The politics of apostasy

Our smarter-than-thou alternative paper posts its share of dumb articles. But this one (4/3/06 Edit: sorry, link no longer works), “The Vanishing Religious Middle,” wins a Stalin Prize for ignorance. It’s what happens when your understanding of evangelical Christianity comes from talk shows and liberal clergy instead of, well, real life in a local church. I have regularly attended several evangelical churches for the past 15 years, and visited ten others, and can count on one hand the number of sermons dealing even partially with politics. Political idolatry is a problem for many Christians, but most local churches simply are not fixated on political matters. The fault line is theological, not political.

For every Bible-believing church subverting Christ-crucified with politics, there must be 50 beset by moralism. That is, those evangelicals who find the worship of Christ in word and sacrament unappealing to their felt needs don’t want it replaced with marching orders from the Bush administration. They want tips for a better marriage.

And then there’s this:

Rev. Lisa Withrow of Delaware, who teaches at the Methodist Theological School in Ohio and is active in liberal causes, also said she couldn’t name any apolitical pastors.

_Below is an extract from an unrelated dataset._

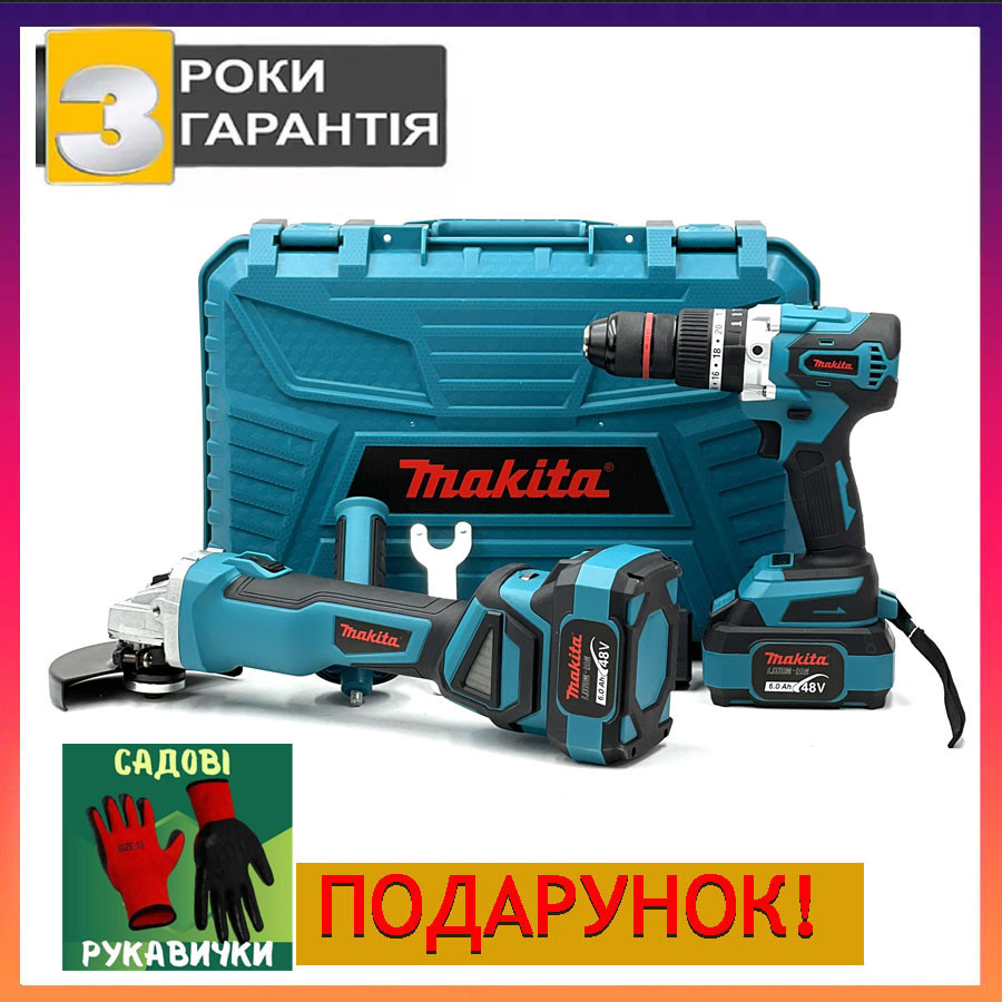 Набор Makita 2в1 Бесщеточные 48V 6.0AШуруповерт Ударный DTW488 патрон 13мм Болгарка Makita DGA506ZPRO

Now this, priestess, I can believe. As the saying goes, a fox smells its own hole. I and my “pastor” friends are thoroughly politicized, so by projection my Bible-believing counterparts in the evangelical churches must be too.

Politics (aka. power), along with sex, is transcendence for the apostate. Absent the vertical God-man dimension, it’s all horizontal, mano-a-mano (oops, he/she-a-he/she). In more ways than one.